**MATERIAL PROVIDED**
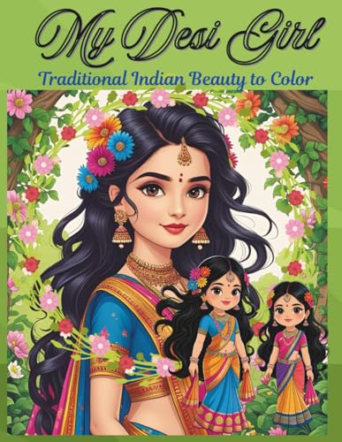 My Desi Girl: Traditional Indian Beauty to Color: A 62-Page Coloring Book Featuring Graceful Indian Girls in Sarees, Jewelry, and Cultural Charm – One-Sided Pages for All Ages
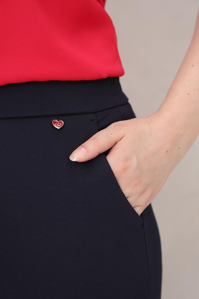 Ткань, из которой изготовлены брюки, состоит из полиамида, вискозы и эластана. Это сочетание обеспечивает комфорт при носке, хорошую посадку и устойчивость к сминанию. На поясе расположена декоративная металлическая деталь в форме сердца, добавляющая образу изысканности.
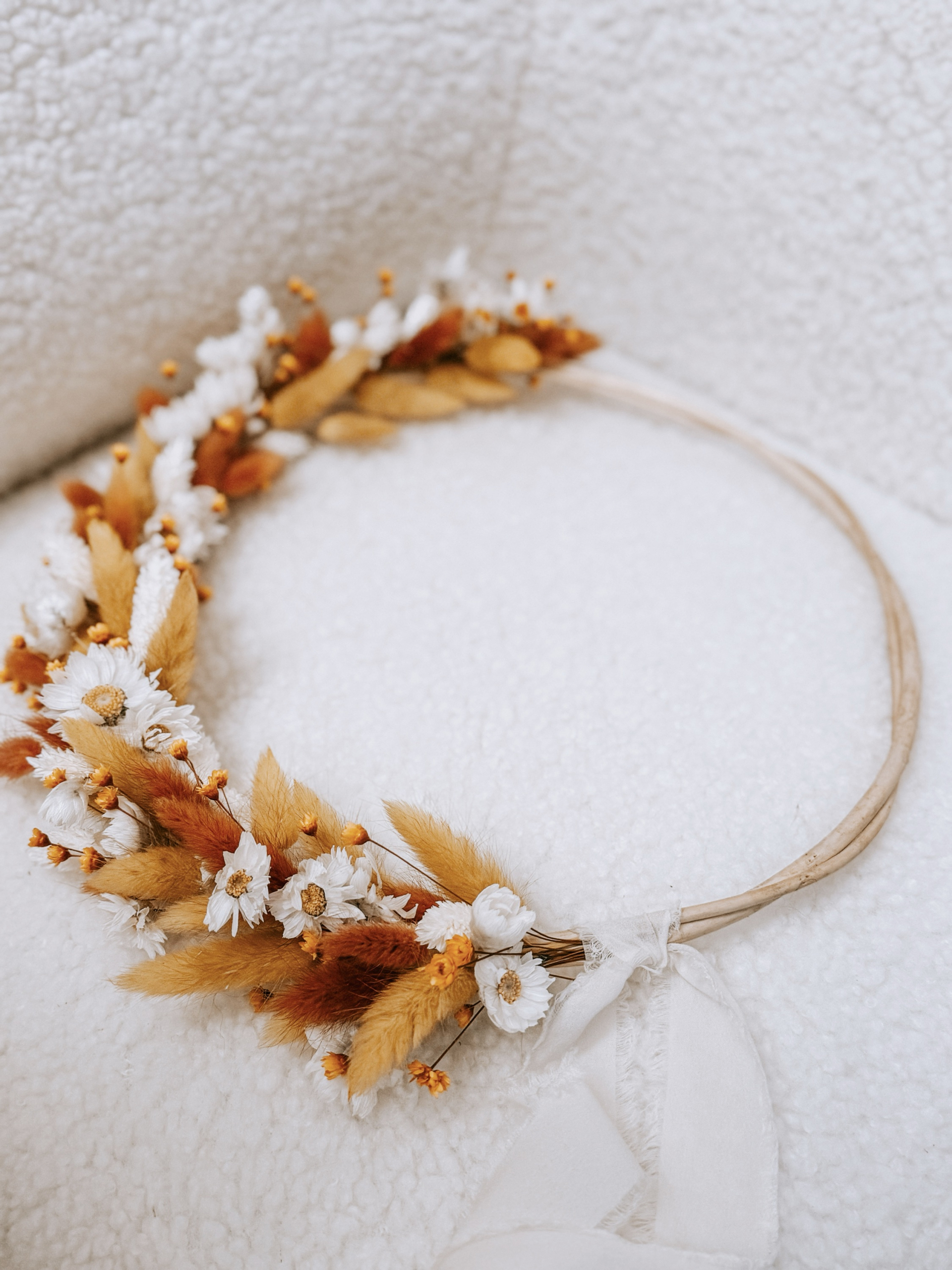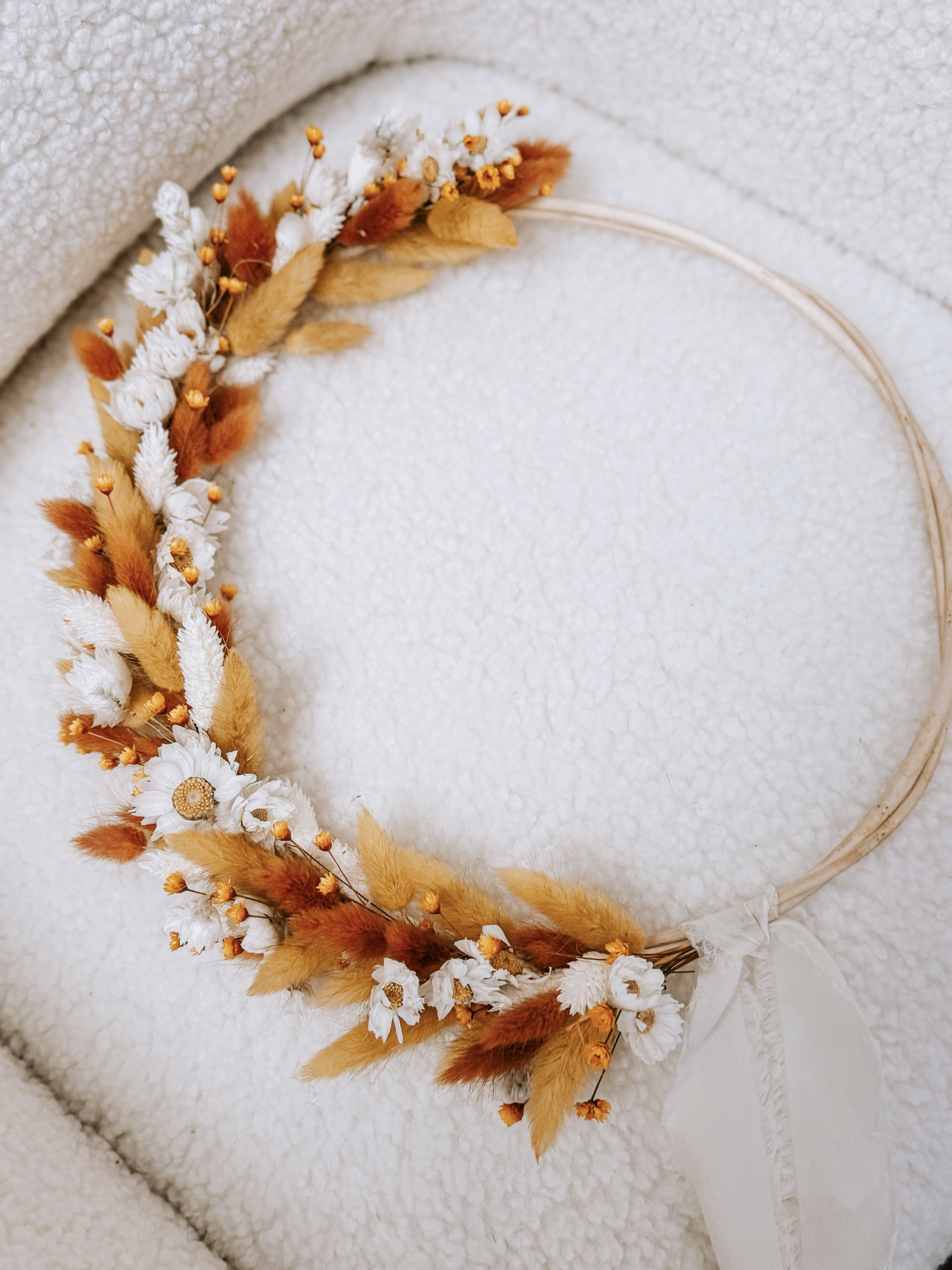 Couronne de fleurs séchées, idéale pour votre décoration d’intérieur (chambre, salon…).

**THE TASK**
Every line above is to be reproduced verbatim, and the pictures are to be omitted.

**TASK ANSWER**
 My Desi Girl: Traditional Indian Beauty to Color: A 62-Page Coloring Book Featuring Graceful Indian Girls in Sarees, Jewelry, and Cultural Charm – One-Sided Pages for All Ages
 Ткань, из которой изготовлены брюки, состоит из полиамида, вискозы и эластана. Это сочетание обеспечивает комфорт при носке, хорошую посадку и устойчивость к сминанию. На поясе расположена декоративная металлическая деталь в форме сердца, добавляющая образу изысканности.
 Couronne de fleurs séchées, idéale pour votre décoration d’intérieur (chambre, salon…).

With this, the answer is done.